WU receives $4.2 million grant to research rare genetic mutation associated with Alzheimer’s disease
Washington University’s Dominantly Inherited Alzheimer Network (DIAN) received a $4.2 million grant to research Alzheimer’s disease prevention in people who are prone to the disease due to genetic mutation.
The Alzheimer’s Association awarded the grant to the DIAN’s Therapeutic Trials Unit in late March.
The funding will help scientists achieve a better understanding of the progression of Alzheimer’s disease in order to develop effective prevention and treatment programs. It will also allow them to accelerate current research into drug and biomarker design for hereditary and premature cases of the disease.

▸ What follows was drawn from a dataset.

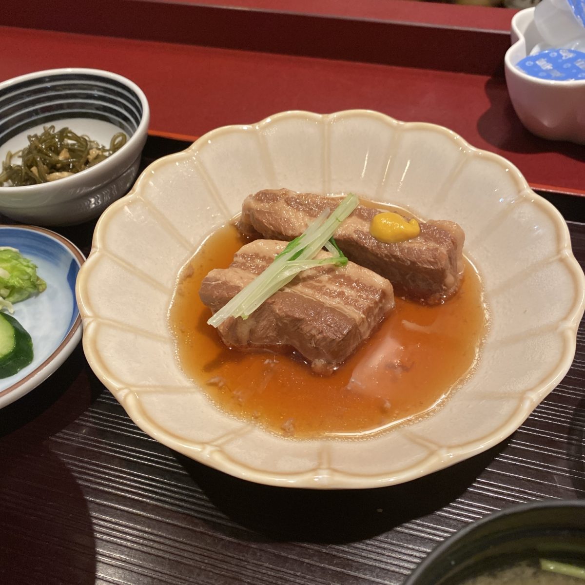 箸をいれたら崩れるほど甘く、口にいれたら溶けていくやわらか豚の角煮は美味でした(つまんだ)味は優しい味。

The grant will allow researchers to establish an infrastructure for pilot trials of drug therapies for dominantly inherited Alzheimer’s disease. Preclinical studies of potential treatments are expected to have higher success rates and more similar trials will be launched in the near future. Part of the grant will also be allocated to the expansion of a global registry of DIAN members.
DIAN researchers expect the first biomarker studies to be completed within 12 to 18 months of when they begin conducting trials. According to DIAN researchers, the Food and Drug Administration and the European Medicines Agency have already expressed support for the prevention trials.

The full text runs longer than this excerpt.